Bis Ende Juni wollten die Länder eine einheitliche Position zur Mindestsicherung vorlegen, die Regierung will das nicht abwarten und schon vorher einen eigenen Entwurf ausschicken. Dabei kommt Türkis-Blau zugute, dass die Länder in dieser Frage unterschiedliche Positionen beziehen: Die SPÖ-regierten Länder Wien und Kärnten sind weitgehend gegen eine Kürzung bei Asylberechtigten, die ÖVP-Länder Oberösterreich und Niederösterreich haben ein derartiges Modell schon eingeführt, wobei das niederösterreichische vom VfGH gekippt wurde.

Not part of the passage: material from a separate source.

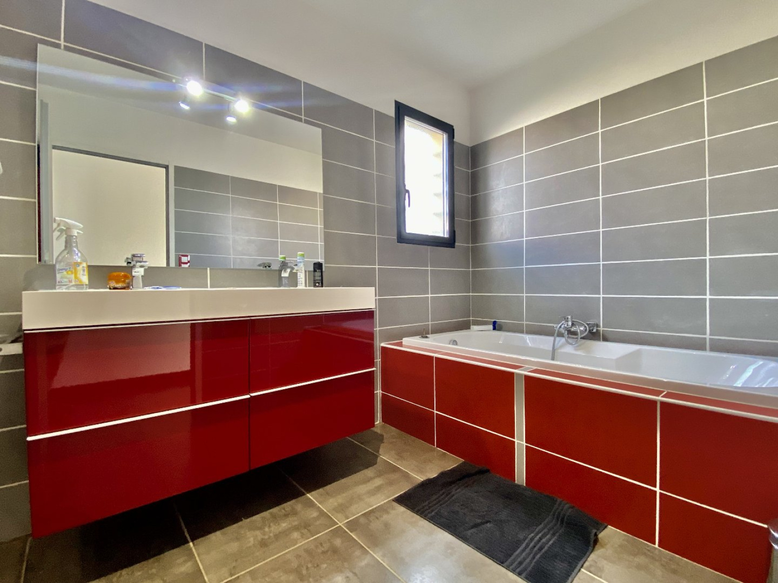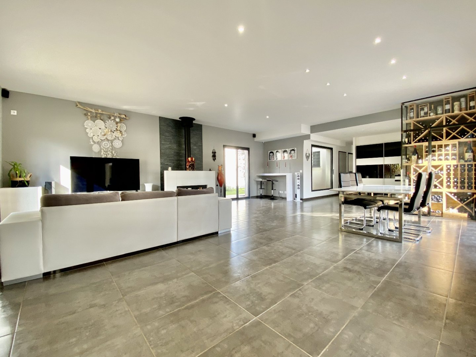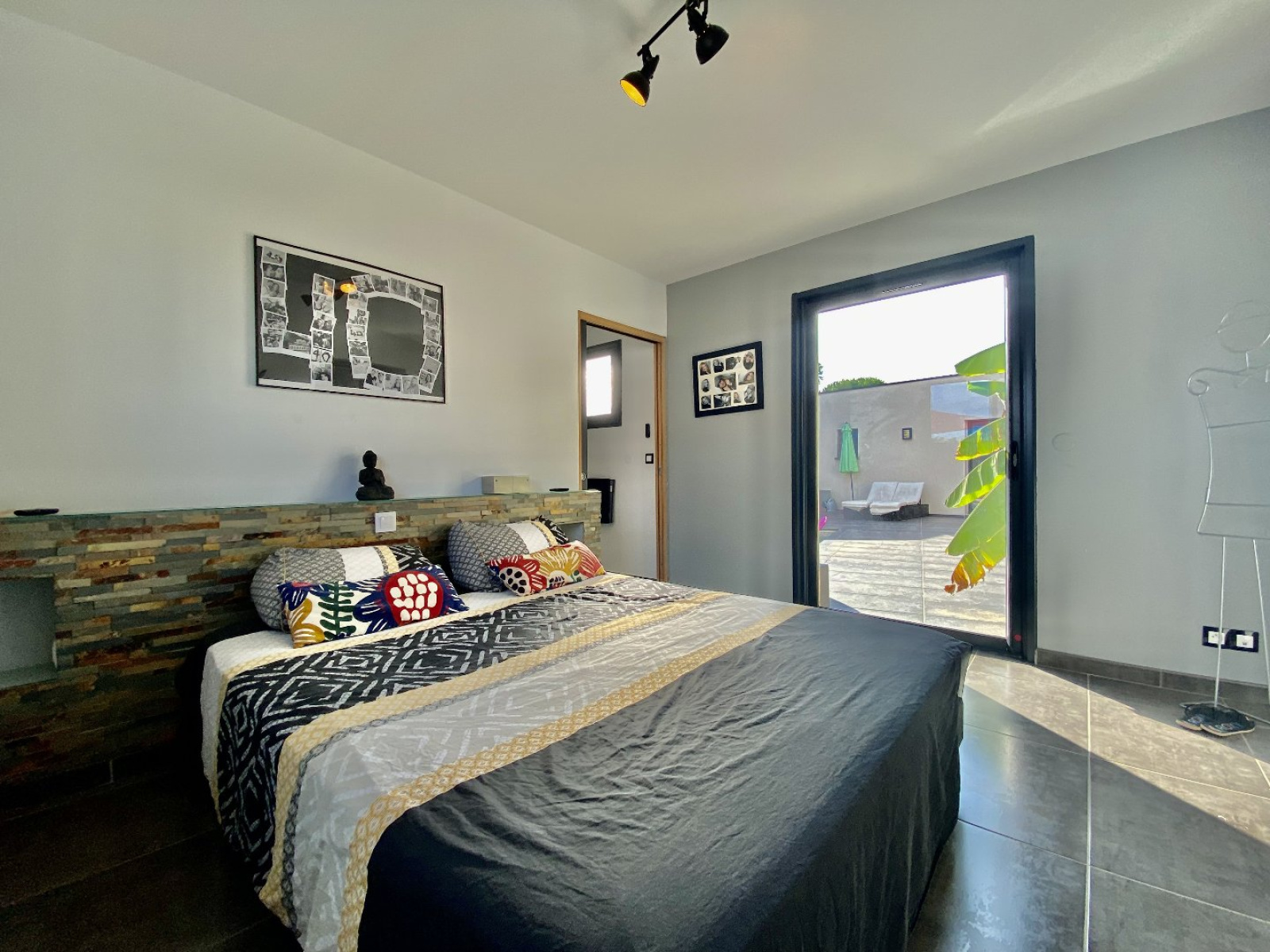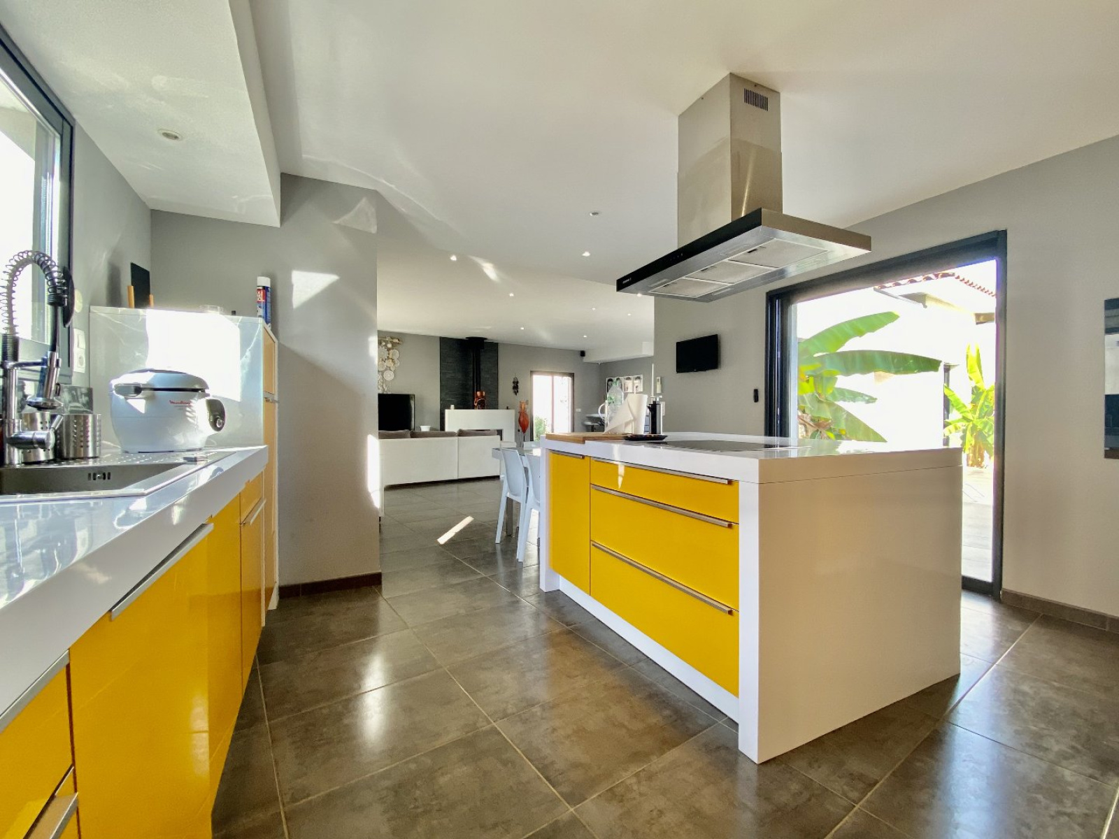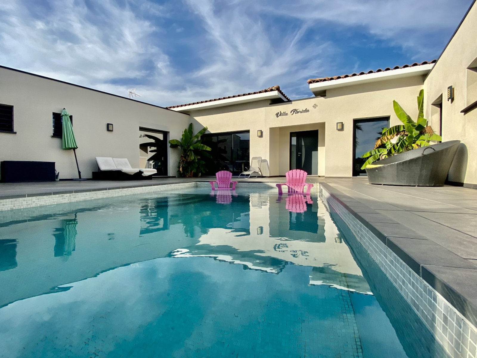 VENDU PAR LE BOULEVARD DE L'IMMOBILIER - Dans un quartier prisé de la commune, votre agence vous propose de découvrir un havre de paix niché à quelques pas de la Méditerranée: une superbe villa offrant fonctionnalité et tout le confort possible! Construite en 2012 et 100% de plain pied, cette habitation aux lignes contemporaines offre une lumineuse et spacieuse pièce à vivre donnant de part et d'autre du terrain, une cuisine ouverte aménagée et équipée donnant sur l'espace extérieur côté piscine, un cellier + buanderie attenants. Côté nuit, vous disposerez de 3 chambres avec placards, une salle de bains (+ douche), un WC indépendant mais également d'une vaste suite parentale avec salle d'eau/WC + dressing, le tout donnant sur l'espace piscine. En extérieur: il ne manque rien! Piscine, jacuzzi, cuisine d'été abritée + espace barbecue / four à pizza, douche et WC extérieurs, un grand garage et la possibilité de stationner plusieurs véhicules. Mais encore: mer à proximité, climatisation réversible, poêle à bois, volets centralisés, magnifique cave à vins intégrée dans le séjour, terrain entièrement aménagé, nombreuses ouvertures... Cette villa est un vrai bijoux où aucun travaux ne sont à prévoir! Honoraires charge vendeur.

Salzburg, Tirol und Vorarlberg, wo die ÖVP mit den Grünen regiert, wollen aber ebenso wie die Steiermark (ÖVP–SPÖ-Koalition) nicht kürzen. Jedenfalls wehren sich alle Länder gegen die geplante Überführung der Notstandshilfe in die Mindestsicherung: Denn da müssten wieder die Länder mitzahlen.

Sozialversicherung

Bei den Gebietskrankenkassen haben sich die Länder schon weitgehend durchgesetzt: Diese werden zwar in der Österreichischen Gesundheitskasse aufgehen, deren Landesstellen erhalten aber weitgehende Autonomie. Ein Streitthema ist noch die AUVA: Wird diese aufgelöst oder muss sie tatsächlich 500 Mio. Euro einsparen, so müssten die Länder einen Teil der Kosten tragen. Denn derzeit werden die Landeskrankenhäuser über die AUVA mitfinanziert.

Verwaltungsreform

Justizminister Josef Moser will die im Artikel zwölf der Bundesverfassung festgelegten Doppelgleisigkeiten bei den Zuständigkeiten von Bund und Ländern beseitigen: Bei jeder Aufgabe soll künftig jeweils nur eine Gebietskörperschaft zuständig sein. Bei einigen Themen haben sich Bund und Länder im Vorfeld schon geeinigt, nicht aber bei den wirklich wichtigen Bereichen: Offen ist noch das „Armenwesen“ – also auch die künftige Zuständigkeit für die Mindestsicherung –, die Krankenanstalten und das Elektrizitätswesen. Eine Klärung wird es auch bei diesem Treffen nicht geben. Bund und Länder haben vereinbart, dafür eine Arbeitsgruppe einzurichten.